Ok, dans ce cas je vais certainement le stocker quelque part.
Merci pour ces précisions Anthony !


----------



## Anthony (17 Octobre 2019)

Garde quand même un œil sur l'historique des enchères sur eBay. Le côté « tout complet » peut vraiment jouer, et faire partir ça à bon prix.


----------



## gpbonneau (17 Octobre 2019)

Goo69 a dit:


> Bonjour,
> 
> Je viens de récupérer de mon grand-père un Mac II de 1987 comprenant l'écran, l'UC, la souris, le clavier et les câbles.

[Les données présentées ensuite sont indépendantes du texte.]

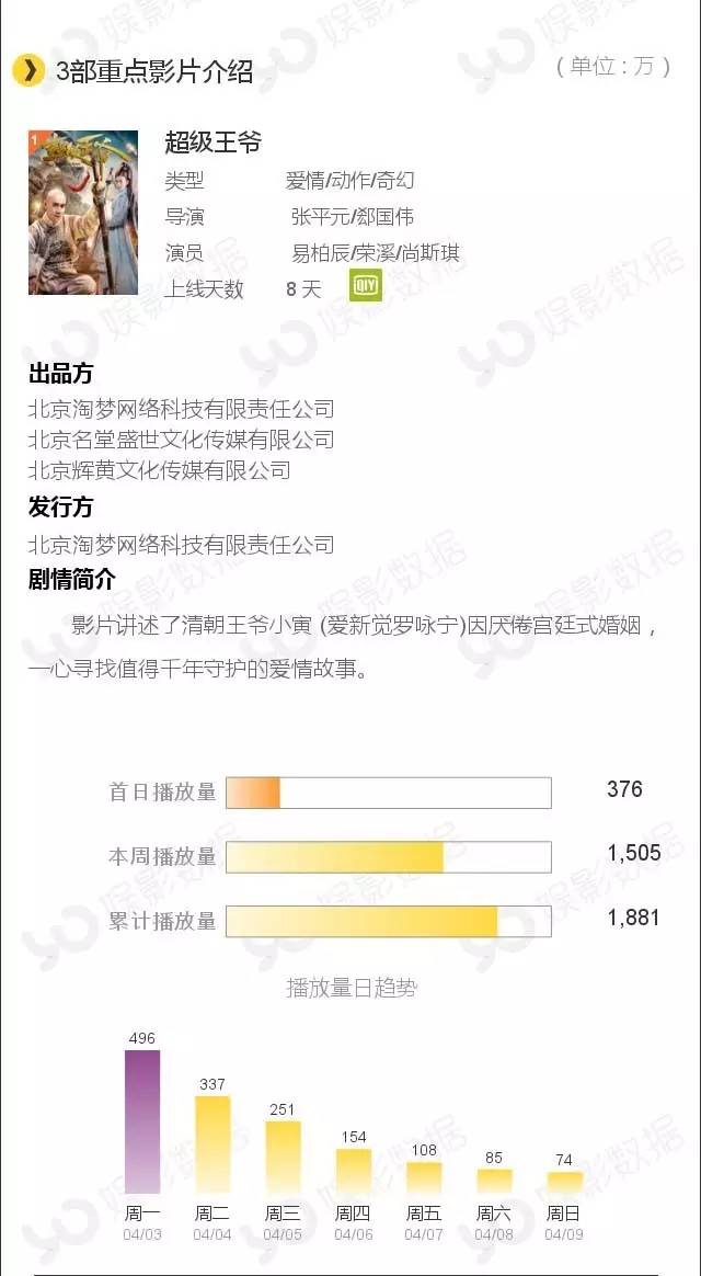 《超级王爷》于2017年4月2日在爱奇艺独播上线,以1505万的播放量,位列本周全网播放量第一名,累计播放量达1881万。从该片上线一周内的日播放量来看,播放量逐日降低的趋势明显。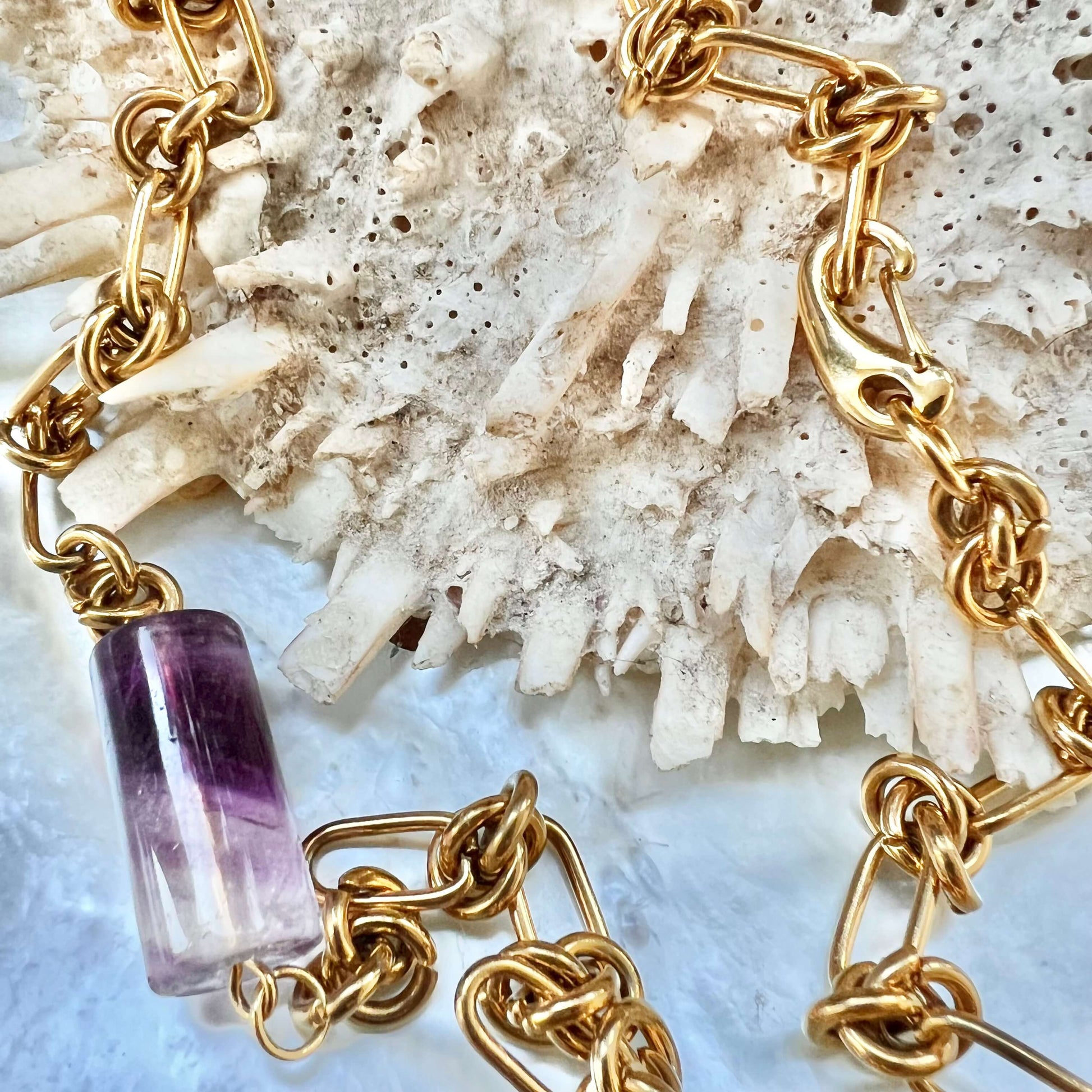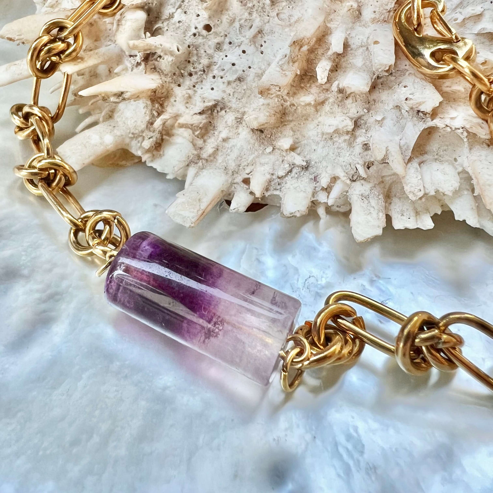 Pierre d’améthyste /Nacre de Tahiti / Acier inoxydable.

Le tout en parfait état et fonctionnel.
> Le modèle : M0401Z
> ...



Avec quelques photos ça serait sympa 

Les MacII sont plutôt rare en fait, la plupart ont été upgradé en MacIIx et fx, l'investissement était important (un MacPro d'aujourd'hui) et ça évoluait tellement vite qu'Apple proposait des changement de carte mère au bout d'un an ou deux pour rester au top ;-)
Regardes s'il n'a pas été upgradé...

Sinon un MacII d'origine, en état de marche en plus c'est pas si courant, 32 ans tout de même !
Il y a eu deux versions de carte mère, la deuxième avec des petits condensateurs ronds électrolytiques qui finissent par fuir avec le temps et qui endommagent la carte mère. Quelques photos de l'intérieur et je te dirais quelle version tu as ;-)

L'écran vendu avec en général, c'était un Sony Trinitron 14" badgé Apple de très bonne qualité (tube à la face avant cylindrique), qui vieillit plutôt bien.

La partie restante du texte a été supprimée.